This is the first method I tried. It didn’t work very well, and I’ll explain why.

The capacity of the channel is definied by the mutual information between the input and the output:
I(Y;X)=H(Y)-H(Y|X)

Here, H(Y|X)=H(X+N|X)=H(N), which is simply the entropy of the gaussian distribution and has an analytic form.
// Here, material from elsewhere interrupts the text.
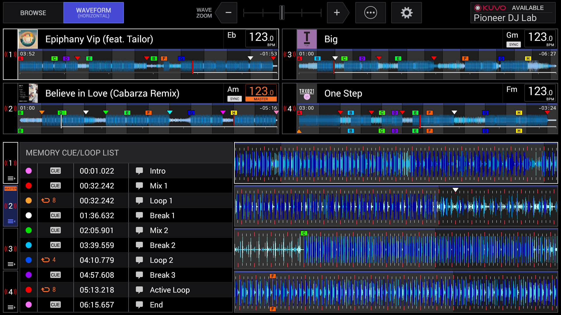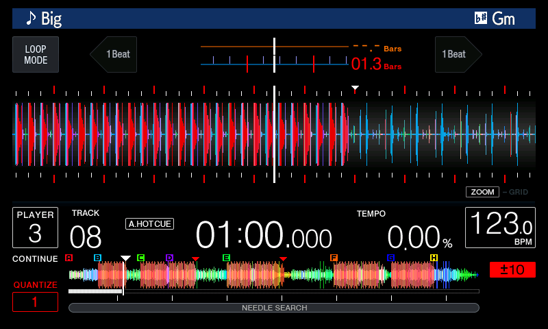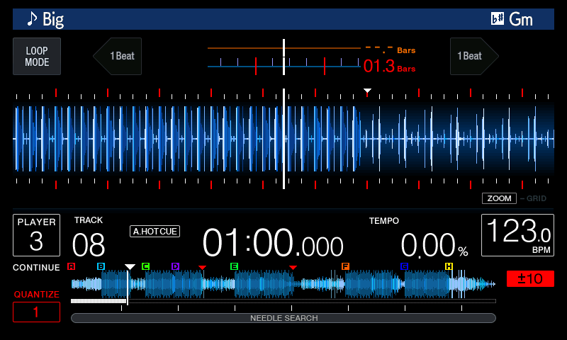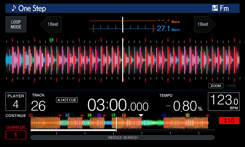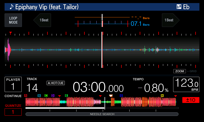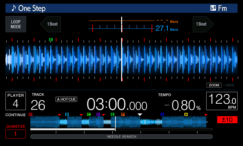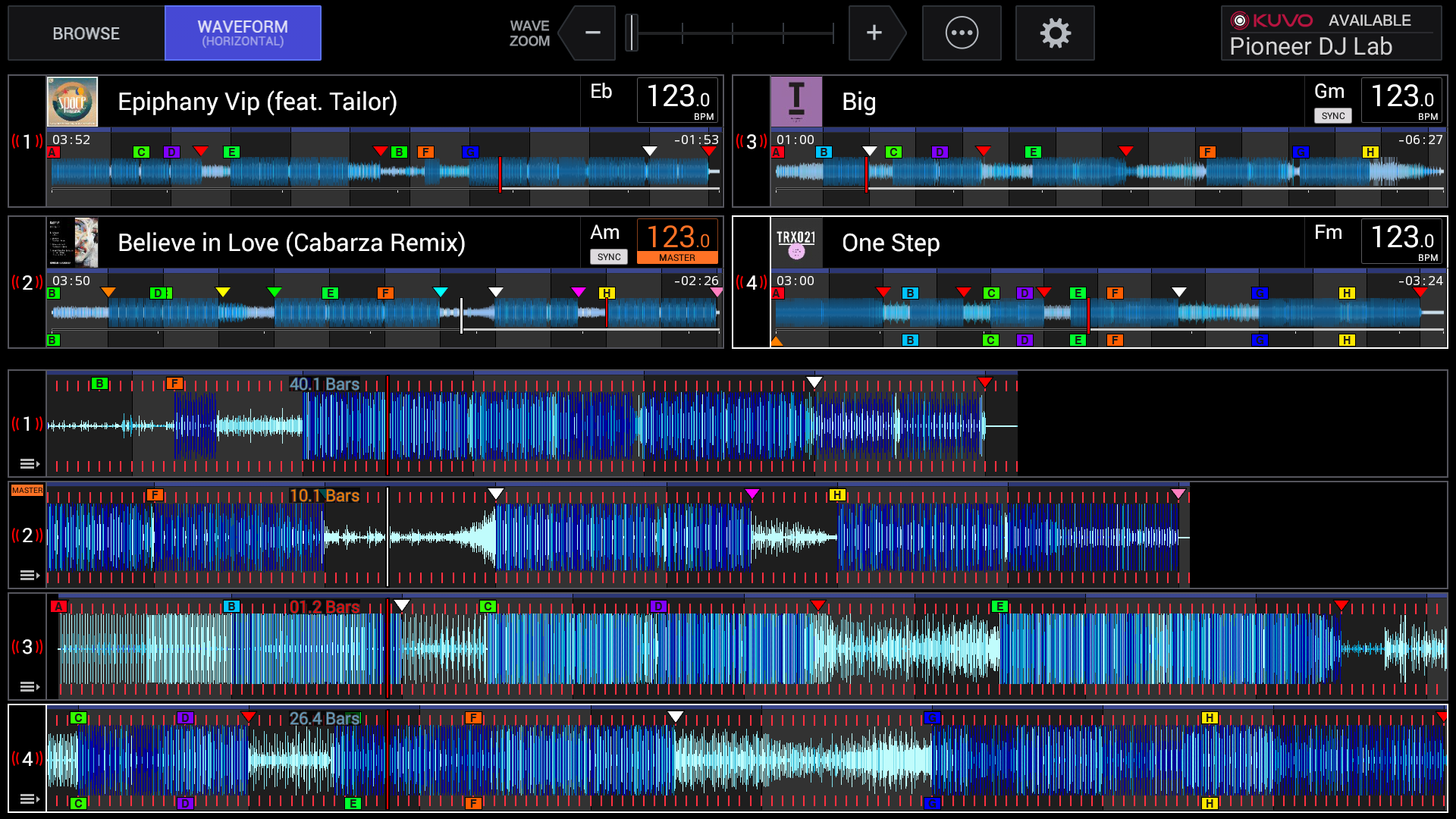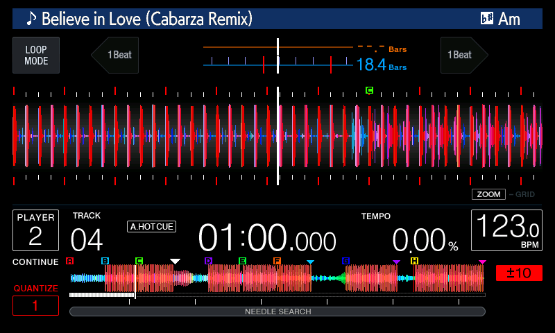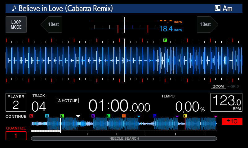- Zoom de Onda Multicolor y vista de onda múltiple: ver una forma de onda a todo color o bien optar por ver las formas de onda de hasta cuatro CDJs al mismo tiempo.

In this case, where the gaussian is bivariate and isotropic (that is, the \Sigma matrix is diagonal), this becomes:
1+log(2\pi\sigma^2)

H(Y) on the other hand is a nastier affair – it’s the entropy of the noisy signal, or that of a sum of gaussians, -\iint{f_Y(y)log(f_Y(y))dy}. This has no closed form so instead the approach I took was to sample f_Y(y) over a grid, and then sum across it for -\sum{f_Y(y)log(f_Y(y))}

This worked quite nicely for some signals, like this one: pdf-good
Most of the probability mass is included in the sampled grid (in fact it sums to 0.9922 here), so the summation serves as a good approximation to the integral.

But, at low SNR, a lot of probability mass spills over the sides:
pdf-bad
Here the probability mass inside the grid only sums to 0.6353. This gave utterly meaningless results (as I’ll show later). I also tried re-scaling the probabilities so that they’d sum to 1, but ultimately this didn’t help either.

Monte Carlo Method

When I mentioned this to my supervisor, he mentioned another possible method, using Monte Carlo instead.

First, flip the mutual information expression around and consider it the other way:
I(X;Y)=H(X)-H(X|Y)

In this case H(X) is easy — X is drawn equiprobably from an alphabet size of M. So H(X)=log(M).

H(X|Y) is the tricky part here, but… we can find it by Monte Carlo.
Pick a load of random points from the joint f_{XY}(x,y):
montecarlo
(This is an example from one of my optimised constellations)

Then for each point, -log(p_{X|Y}(x|y) is calculated and the average is taken. Since the process is ergodic, this tends to the expectation, -\mathbb{E}log(p_{X|Y}(x|y))=H(X|Y)

Comparison

The Monte Carlo method produced much more sensible results:
allmethods

Where the grid evaluation method gives meaningless negative capacities at low SNR, the Monte Carlo method gives results tending gracefully to zero.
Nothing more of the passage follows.